L’accompagnement de la quenelle !

Le premier jour de l’année de la quenelle commence avec une bonne nouvelle pour tous les « quenelliers ». Désormais au cas où ils feraient l’objet de mesures répressives (perte d’emploi, agression, chasse à l’homme, voire même la prison), ils ont la possibilité de les esquiver  en brandissant cet argument imparable « c’était juste un brossage d’épaule » et d’ajouter « c’est très courant aux USA, même le président Obama en fait ».

Référence : Le Point /

C’est en tout cas l’explication fournie par « Le Point  » pour expliquer un cliché montrant Obama faire apparemment le salut de la Quenelle en compagnie de Béyoncé et de Jay Z à la maison blanche :

obama election jayz beyonce quenelle

Vous ne rêvez pas : c’est bien Barack Obama et Jay-Z qui, sur cette photo, effectuent ce geste de la main vers l’épaule, ce bras d’honneur et/ou salut nazi inversé, rendu célèbre par Dieudonné et devenu l’objet d’un débat acharné.

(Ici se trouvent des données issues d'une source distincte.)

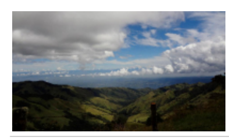
3 - Ubaté - Pacho - 140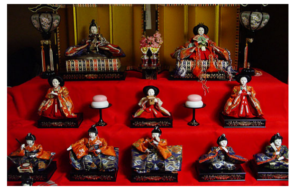
A traditional hina dan

between the Takano and Kamo Rivers to pray for the safety of children. Since fishermen complained about catching the dolls in their nets, the boats are nowadays taken out of the water and being brought back to the temple and burnt.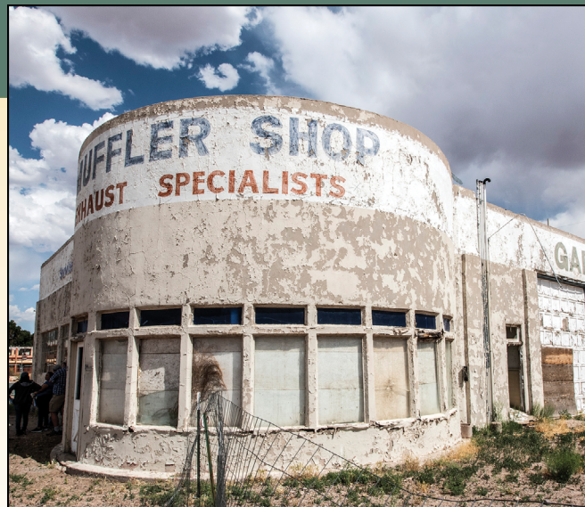
Image of a vacant and deteriorated auto service and gas station in Holbrook, Arizona

Percentage of persons under 65 without health insurance: 9.7% to 17.3%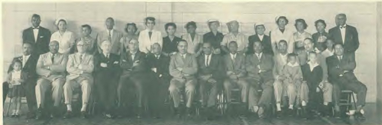
The workers and families as they attend the Central States Workers' Meeting.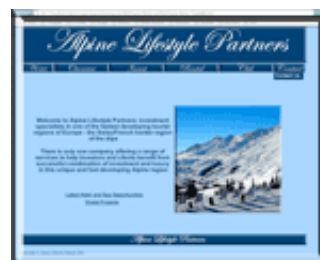
ALP on line

Alpine Lifestyle Partners are now live on the web, with their new web site including information about ALP and ALP products.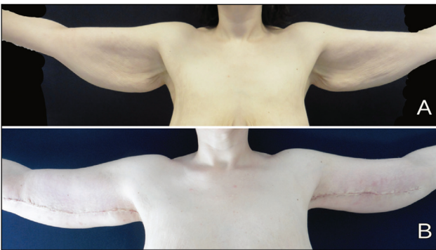
Figure 4: (A) Anterior views of a 29-year-old woman who underwent liposuction-assisted brachioplasty after sleeve gastrectomy and weight loss of 59 kg. (B) Six months postoperatively. Note the location and the quality of the scar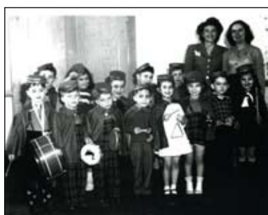
Calgary Hebrew School Kindergarten Band, c. 1947

Members of the Calgary Jewish community were thrilled to be part the 40th anniversary celebration at the May 29 Community Day during the 2016 ACJS Conference. Local participants were impressed by the breadth of information presented by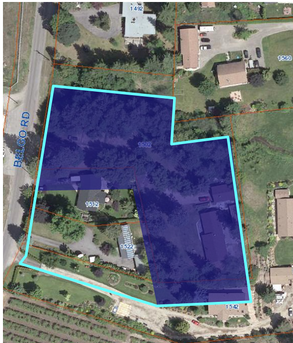
RR2 Property (Refer to Schedule 'B')

Staff are bringing forth and recommending this Land Use Contract (LUC 76-1067) be terminated and for the subject properties to be rezoned. The underlying zone is RU1 – Large Lot Housing and does not fit in the established neighborhood. Under the current Land Use Contract its uses are regulated in accordance with the R-1 zone in former Zoning Bylaw No. 4500. The Zoning Bylaw has since been updated and obtains different uses, requirements and zonings. The equivalent of R-1 in the current Zoning Bylaw, No. 8000, is RU1 – Large Lot Housing. However, RU1 zoning is not adequate as the subject properties are not connected to sewer. All urban zones according to the Official Community Plan must be in the Permanent Growth Boundary and connected to services. Therefore, Staff are proposing to adopt RR2 – Rural Residential 2 and RR3 – Rural Residential 3 to the subject properties. Two zones are being proposed due to the varied lot sizes.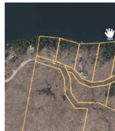
Sector B Chemin de la Baie Noire 2 properties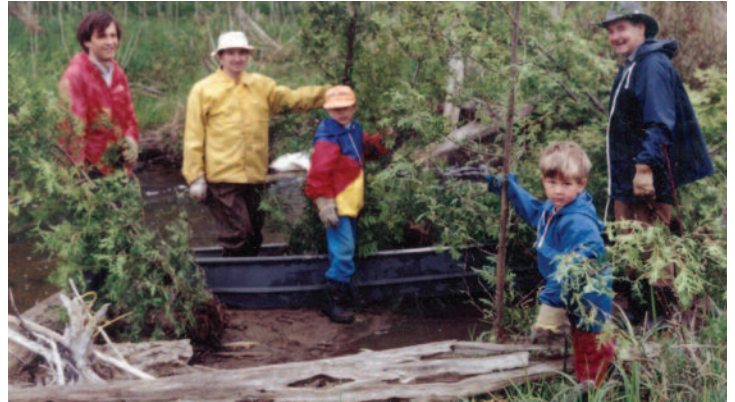
The family is still always welcome – A Workday from the 80's or 90's. Can you identify the boys?

www.creditvalleyca.ca/about-cvc/events-calendar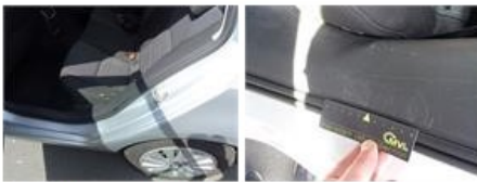
Mats, Missing, E - Replace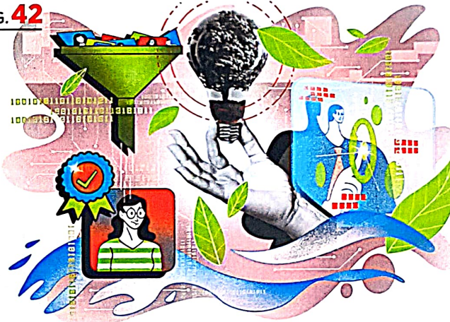
Family enterprises contribute over 70 percent of global GDP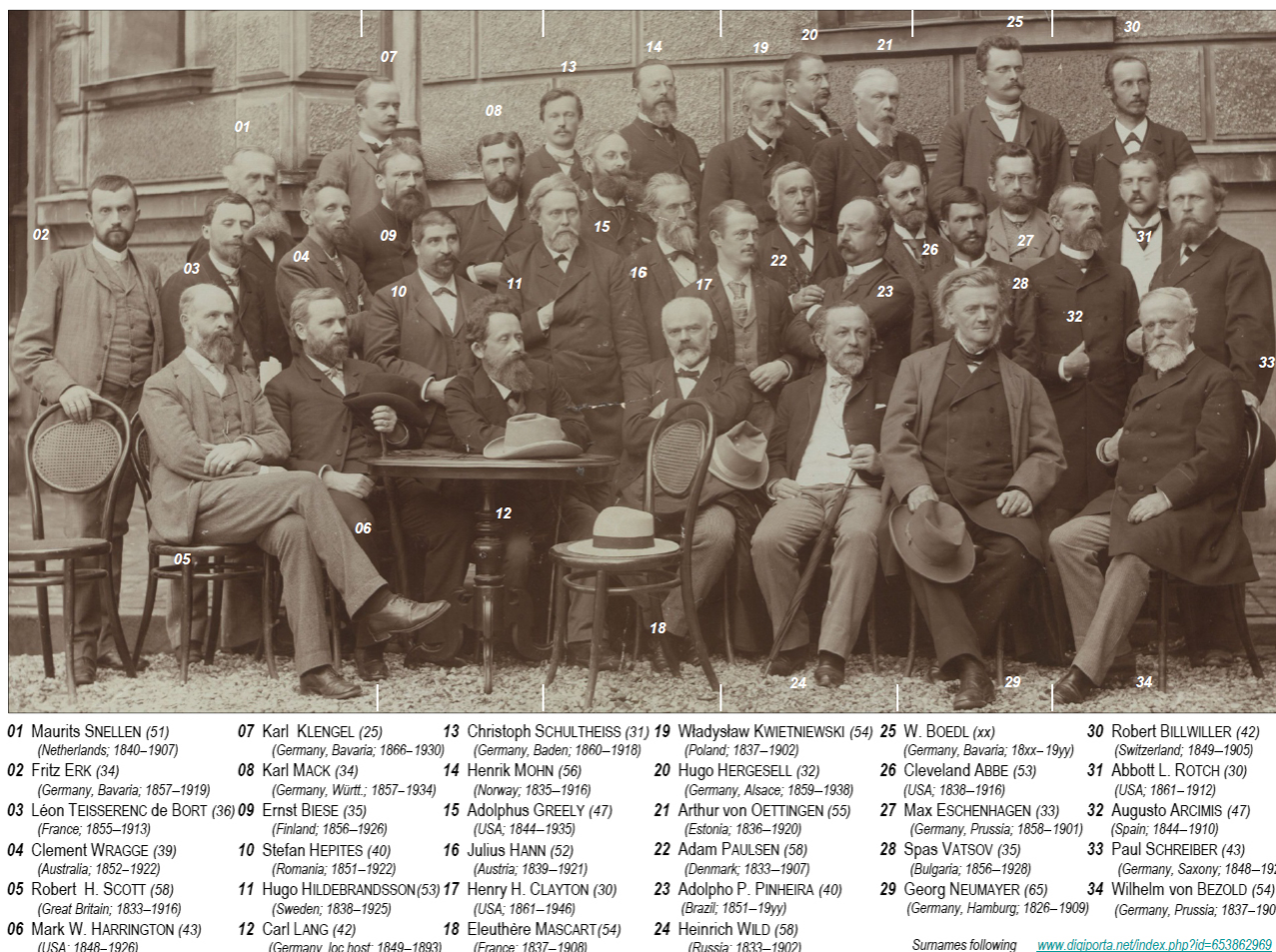
Figure 1. Participants at the International Conference of Directors of Meteorological Services, in Munich, Bavaria, Germany, 26 August–2 September 1891, 28 years prior to the formation of the Section of Meteorology. Numbering is in six columns, from left to right, with the following information for each person: number, first name, surname (age at conference, representative for country or state, and lifespan). The surnames follow the handwritten note attached to the copy kept at Deutsches Museum, Digitales Porträtarchiv, Munich, Germany (cf. website http://www.digiporta.net ; last access: 25 January 2019).

pean nations plus the USA and Russia) focused their attention on the need to improve and expand observations for weather forecasting. Their efforts eventually led to the first International Meteorological Conference in Vienna in 1873 and the formation of the International Meteorological Organization (IMO) in 1879 (and, much later, inspired the formation of the World Meteorological Organization (WMO) in 1950). The IMO was led by an International Meteorological Committee composed of the directors of the meteorological services of the member nations.

Car le président américain est en train de se brosser l’épaule. Durant la campagne des primaires en 2008, le candidat Obama s’était ainsi brossé l’épaule pour balayer les critiques de sa challenger démocrate Hillary Clinton.

Pour poursuivre dans la même veine, bien d’autres  » brossages d’épaules  »  ont étés pris à tort pour des quenelles.

Pour assurer votre défense en cas de problème. Il faut savoir que jusqu’à nouvel ordre, aucune loi n’interdit le brossage d’épaule, donc légalement l’argument est absolument imparable.

Et un grand merci au journal « Le Point » pour avoir ainsi aidé les « quenelliers » dans leur combat.

C’est une référence à la musique de JayZ ce démon « Dirt Off your Shoulders ».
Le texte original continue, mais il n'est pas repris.